The first question to be examined in an FCPA internal investigation is to confirm how the issue was discovered by the company.  If the company’s outside auditors identified the issue, the company will have to make sure it complies with all reporting and monitoring requirements so that the auditor can satisfy its independent auditing requirements.  If the company’s internal auditors discovered the matter, then sensitive disclosure issues will need to be resolved in dealing with the company’s outside auditors and general disclosure requirements under federal securities laws.

As a strategic matter, companies have some leverage over their officers and employees who have relevant information for the internal investigation.  The threat of termination is a real one and most officers and employees want to avoid being discharged.  There is a fine balancing act here because if an officer or employee has engaged in misconduct, the company will have to terminate the officer or employee in order to demonstrate its commitment to compliance and discipline.  Such an action, however, may raise the risk that the officer or employee will report the matter to the Justice Department or the SEC, especially given the new whistleblower bounty program.  Companies have to balance these considerations carefully because they can result in early disasters for an internal investigation.
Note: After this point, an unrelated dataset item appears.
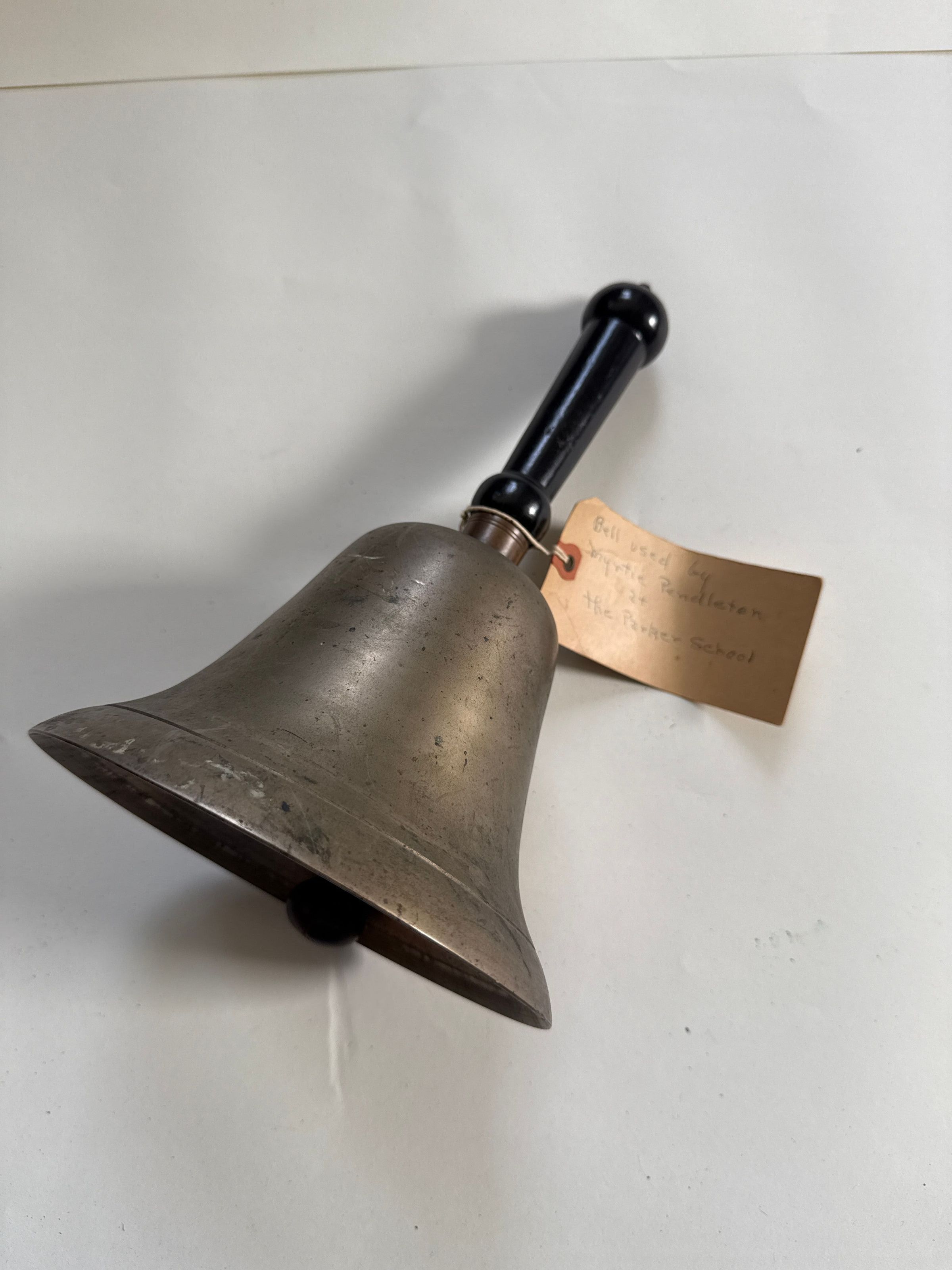 11 1/4 inches x 7 inches (diameter. base of bell). Bell has incised line 3/4 inch from base. Has black wooden handle, 5 3/8 inches long, topped with metal cap. Said to be the bell used by Myrtle Pendleton at the Parker School. Pictures of the Parker School are in the archives. It was located in Pripet at the street-side of John Oldham's driveway.

It is critical to determine if a whistleblower is involved in the case.  If so, Dodd-Frank whistleblower protections against retaliation may apply.  Any improper retaliation against the whistleblower could result in reinstatement, double back pay, and payment of attorneys fees and other costs.  The Dodd-Frank whistleblower rules apply to foreign subsidiaries of US corporations.  It is also important to determine if any foreign laws may apply to protect any whistleblower in a foreign subsidiary.  For example, in the UK, there are whistleblower protections for reporting illegal activities.  The financial incentives for whistleblowers who report violations are limited to violations of the cartel laws by companies and individuals.  It is likely that the UK will expand its whistleblower protections to resemble the US whistleblower laws.

The status of each officer and employee who may be involved needs to be reviewed as the investigation progresses.  Cooperation is important for these individuals to maintain their existing positions in the company.  Working with the Human Resources department, it is  important to document how each employee is treated, the reasons for their status, and the commitment to review and reassess such actions as new information is learned.

Document control for the investigation is critical beyond just preserving relevant documents.  One of the most difficult issues is determining whether the documents fall outside the reach of United States process.   Any documents which “reside” within the United States are then subject to grand jury subpoena.  In this electronic age, the definition of documents within the US borders can be met when a document exists on a server or a computer located in the United States.  It becomes very trick when reviewing documents in an internal investigation. 

For example, if viewed on a webex technology, government prosecutors could later argue that the document was under control within the US borders.  However, if the webex prohibits any person in the US from controlling the document when displayed on a webex does that lack of control mean that the document is not subject to US jurisdiction?  In order to avoid these issues, counsel is well advised to protect against such arguments by reviewing documents in a foreign location.  Of course, if the company decides to disclose and cooperate with the Justice Department investigation, the company will be required to submit these documents to US authorities to demonstrate its cooperation.